New gig economy rule would kill 70,000 jobs, say Truckers California,

SACRAMENTO, Calif. – The California Trucking Association on Tuesday filed what seems to be the first lawsuit demanding a sweeping new labour law that strives to provide benefit and wage protections to employees in the so-called gig market, such as rideshare drivers in companies including Uber and Lyft.

The laws could deprive more than truckers of the capacity to operate and violates federal law, the association stated. Many would need to leave investments in trucks along with also the best way to put their agenda to comply infringes on interstate trade.

“Independent truckers are generally experienced drivers that have worked as workers and have, intentionally, struck out by themselves. We shouldn’t deprive them of the decision,” institution CEO Shawn Yadon stated in a statement.

The legislation set to take effect Jan. 1 which makes it tougher for businesses to classify employees as independent contractors rather than employees, that are eligible for minimum wage and benefits such as workers compensation.

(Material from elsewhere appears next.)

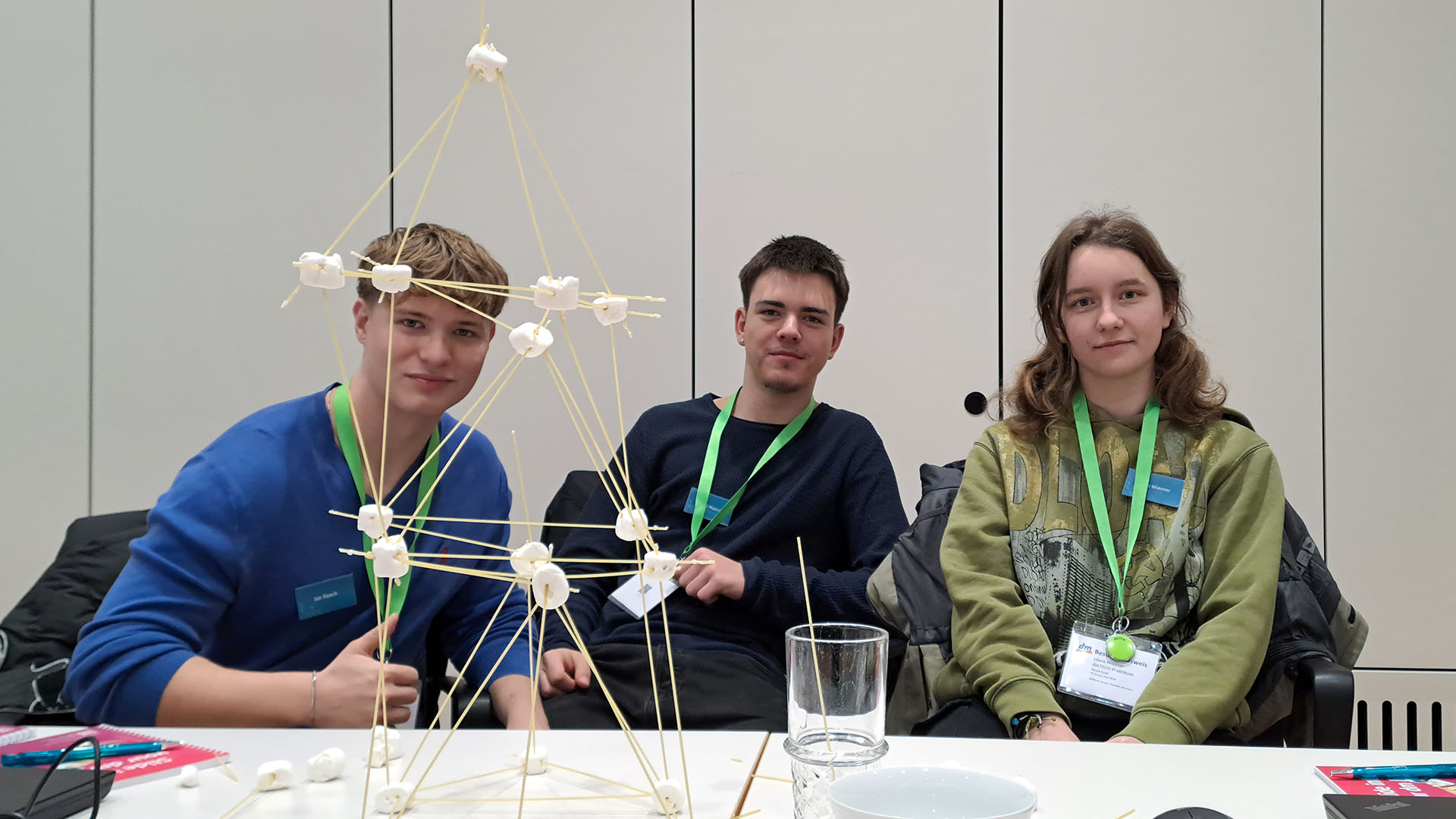 Im Laufe des Tages erhielten wir, zwischen kurzen Vorträgen, die uns über die IT-bezogenen Studiengänge an der Dualen Hochschule Karlsruhe und die sich daraus resultierenden Karrieremöglichkeiten informierten, immer wieder die Chance, mit spaßigen Spielen unsere Teamfähigkeit unter Beweis zu stellen, wie z. B. beim Bauen eines Turms mithilfe von rohen Spaghetti und Marshmallows; außerdem gab’s auch ein Quiz.

“We anticipate large corporate interests — particularly those people who have misclassified their employees for decades — to take this struggle back to the area they know they could delay justice for employees: the courts,” the bill’s author, Democratic Assemblywoman Lorena Gonzalez of San Diego, said in a statement.

Her office said it the first litigation, though Lyft Uber and DoorDash have stated they’ll pay $90 million opposing the law when they can not negotiate principles. Uber said it defend that decision if necessary and will keep managing its drivers.

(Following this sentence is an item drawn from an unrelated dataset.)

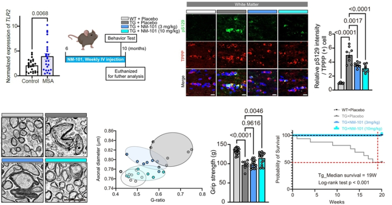 원인을 찾은 연구팀은 세포와 동물 모델에 TLR2 기능을 막는 표적 단일클론항체 'NM-101'을 투여함으로써 항체를 이용해 문을 걸어 잠그자 희소돌기아교세포 안에 알파-시뉴클린 단백질이 쌓이는 현상이 크게 줄었다.

The legislation may impact home health aides and construction workers, janitors. However, the law’s impact on ridesharing and meal delivery motorists paid leave and has received the most attention since those firms do not provide benefits like health insurance and pay their drivers.

A judgment is implemented by the legislation this past year.

When deciding how to classify their employees, the court set up a three-prong evaluation to use. To be labeled a builder, a worker has to be free of control of the firm; doing work “beyond the typical course of their hiring entity’s company”; and participated in an independently established trade, business or occupation of the identical nature as the job they are doing.

The litigation has been filed in federal court in San Diego the exact same day the University of California, Berkeley, Labor Center estimated that the legislation will apply to almost two-thirds of independent contractors, such as truck and cab drivers, janitors and maids, retail employees, grounds maintenance workers and childcare workers.

Categories constitute another 9% jobs including dentists and physicians, attorneys, accountants and realtors.

A quarter of employees will be insured unless certain standards apply, the centre projected. They include sales agents, hairdressers and barbers, designers and artists, and building workers.